Transfer Learning Strategies in Aerial

Aerial supports two fine-tuning strategies to adapt foundation models for rule mining:

1. Weight Initialization (WI)

Weight Initialization Strategy

The foundation model’s pre-trained weights initialize Aerial’s autoencoder, preserving learned feature relationships while adapting to the specific rule mining task. This strategy enables the model to leverage patterns from large-scale pre-training while specializing for the target domain.

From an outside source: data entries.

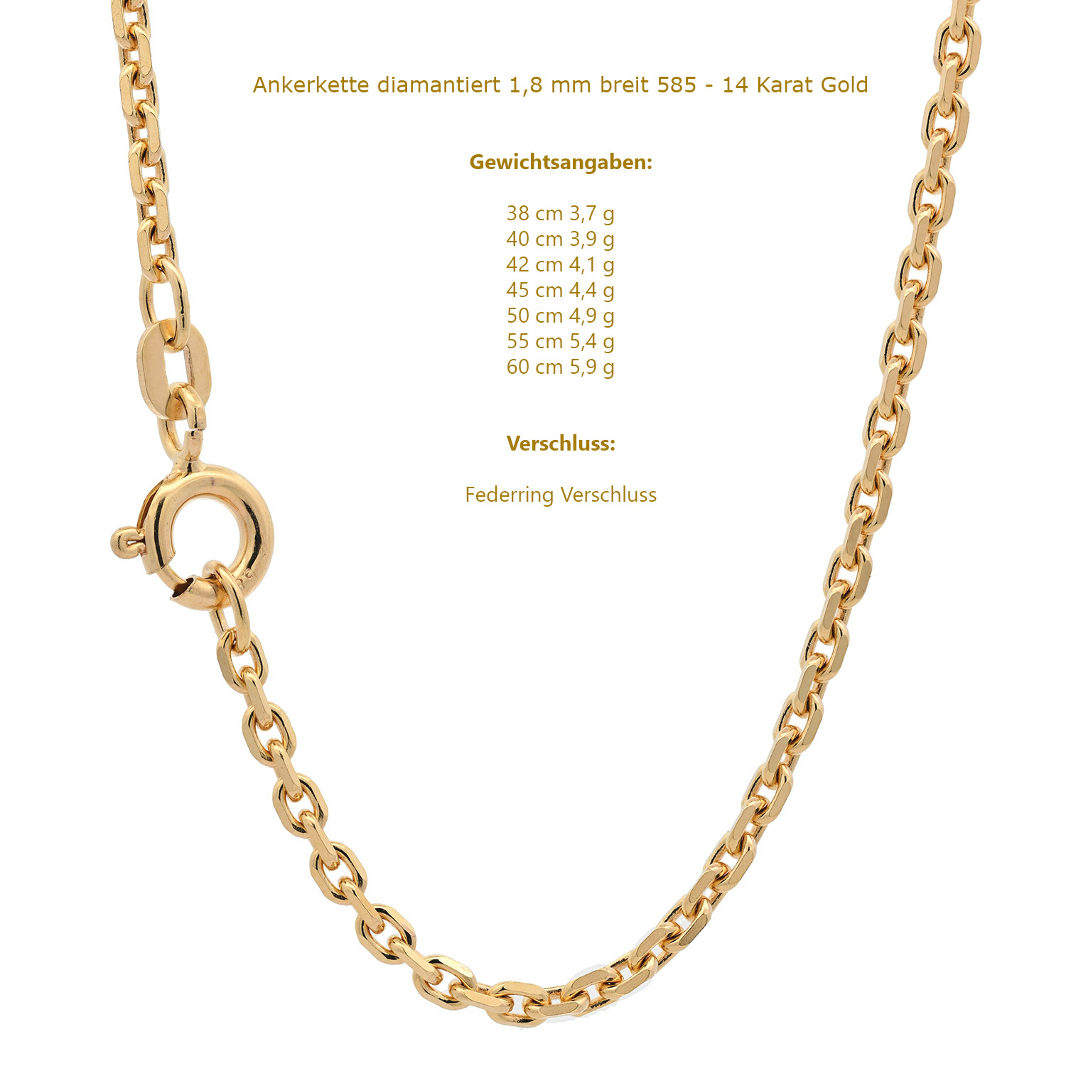 Edle massive Goldkette Ankerkette diamantiert 1,8 mm Halskette aus 585 - 14 Karat Gelbgold von höchster Qualität – Made in Germany - Länge nach Wahl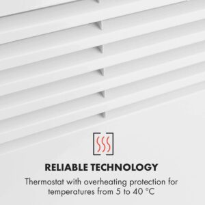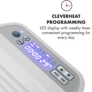 - EASY TO USE: The Klarstein Hot Spot comes with a remote control so that you can easily adapt the heat to your desired temperature from the couch, snuggled up in bed or at the dinner table. To make life even easier there is a weekly timer for each day of the week so that you can program the heater to automatically turn on and off without you needing to raise a finger.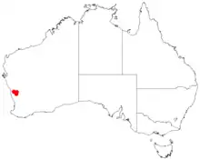 It is native to a small area in the Mid West region of Western Australia where it is commonly situated on breakaways, low hills and plains and along creeks growing in sandy-clay or clay-loam soils based on granite.[3] The limited range of the plant extends from around Coorow in the south to around Three Springs in the north usually as a part of shrubland or open Eucalyptus wandoo woodland communities.[4]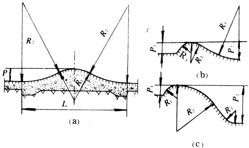 剖面由不同半径的圆弧复合而成的低溢流堰。其水流特点介于实用堰与宽顶堰之间(见堰流)。驼峰堰堰身较宽,地基应力较均匀,整体稳定性较好,适用于软弱地基。驼峰堰高度一般较小,堰前水流行近流速较大,堰上游不易淤积泥沙;对于相同高度的底板,设置高度不大的驼峰堰可增大流量系数且能减少闸门高度,常见的驼峰堰剖面如图a所示,其流量系数较宽顶堰大,一般在0.42以上,随堰高与堰顶水头的比值P/H的变化而变化,最大可达0.468。设计时流量系数一般选用0.40左右。堰顶水头过大时,堰下易发生淹没,流量系数将减小。在溢流堰面内增加斜坡的直线段长度,可加大下游堰高,从而减小淹没度或避免淹没,如图b、c所示。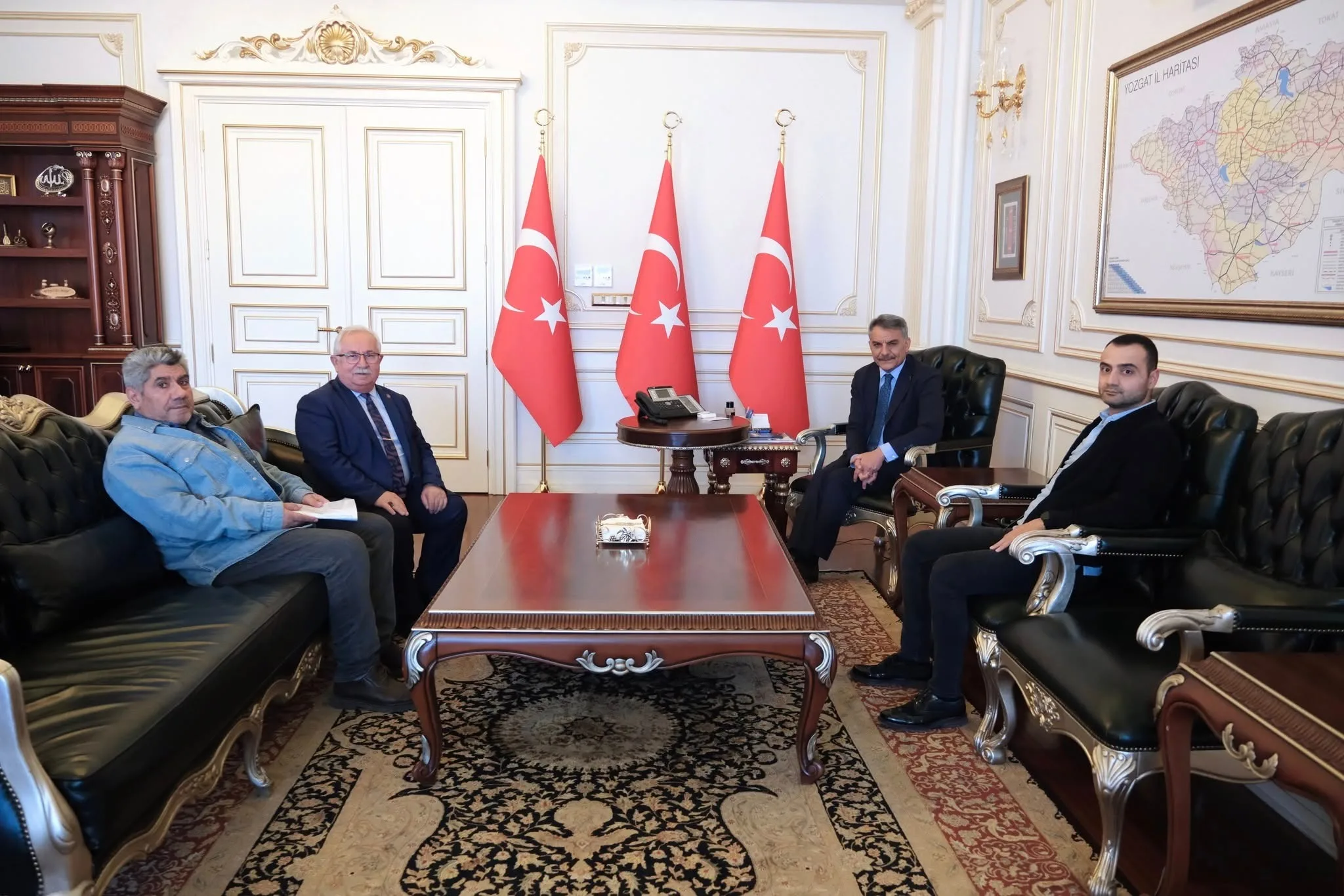 Yozgat İl Genel Meclisi Başkanı Adnan Ünal ve Yozgat Damızlık Koyun ve Keçi Yetiştiricileri Birliği Başkanı Nevzat Yıldırım, Yozgat Valisi Mehmet Ali Özkan’ı makamında ziyaret etti.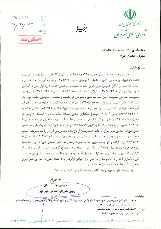 نامگذاری میدان جدیدالاحداث در محدوده منطقه 22 شهرداری تهران به نام «المپیک»

2. Projection-Guided Fine-Tuning via Double Loss (DL)

Double Loss Strategy

This strategy uses a projection encoder to align Aerial’s autoencoder reconstructions with embeddings from a tabular foundation model (e.g., TabPFN), jointly optimizing two complementary objectives:

  • Reconstruction loss (L_recon): Binary cross-entropy loss ensuring the autoencoder accurately reconstructs the original tabular data

  • Projection loss (L_proj): Cosine distance loss aligning the autoencoder’s representations with the foundation model’s meta-learned embedding space

The combined double loss function is: L(θ) = L_recon + L_proj

By optimizing both objectives simultaneously, this strategy encourages the autoencoder to not only reconstruct the input data but also produce representations that are semantically consistent with the foundation model’s learned knowledge, leading to higher-quality rules with better generalization.

Why This Matters

Traditional algorithmic methods operate without learned representations—they mine rules directly from raw data statistics. Aerial fundamentally changes this by:

  • Leveraging pre-trained models: Enables rule discovery from small specialized datasets by transferring knowledge from foundation models

  • Enabling cross-domain transfer: Knowledge learned from diverse tabular data transfers to new domains, even with minimal samples

  • Improving rule quality: Foundation models capture semantic relationships that pure algorithmic methods miss in low-data regimes

Implementation Note

Important: PyAerial does not yet provide out-of-the-box support for tabular foundation model integration. To use these transfer learning strategies, you will need to implement them yourself by:

  1. Following the methodology described in Karabulut et al. (2025)

  2. Referring to the implementation in the paper’s companion repository

  3. Adapting Aerial’s autoencoder architecture to incorporate the weight initialization or double loss strategies

The paper provides comprehensive implementation details and the repository contains reference code for both fine-tuning approaches. Future versions of PyAerial may include built-in support for these advanced capabilities.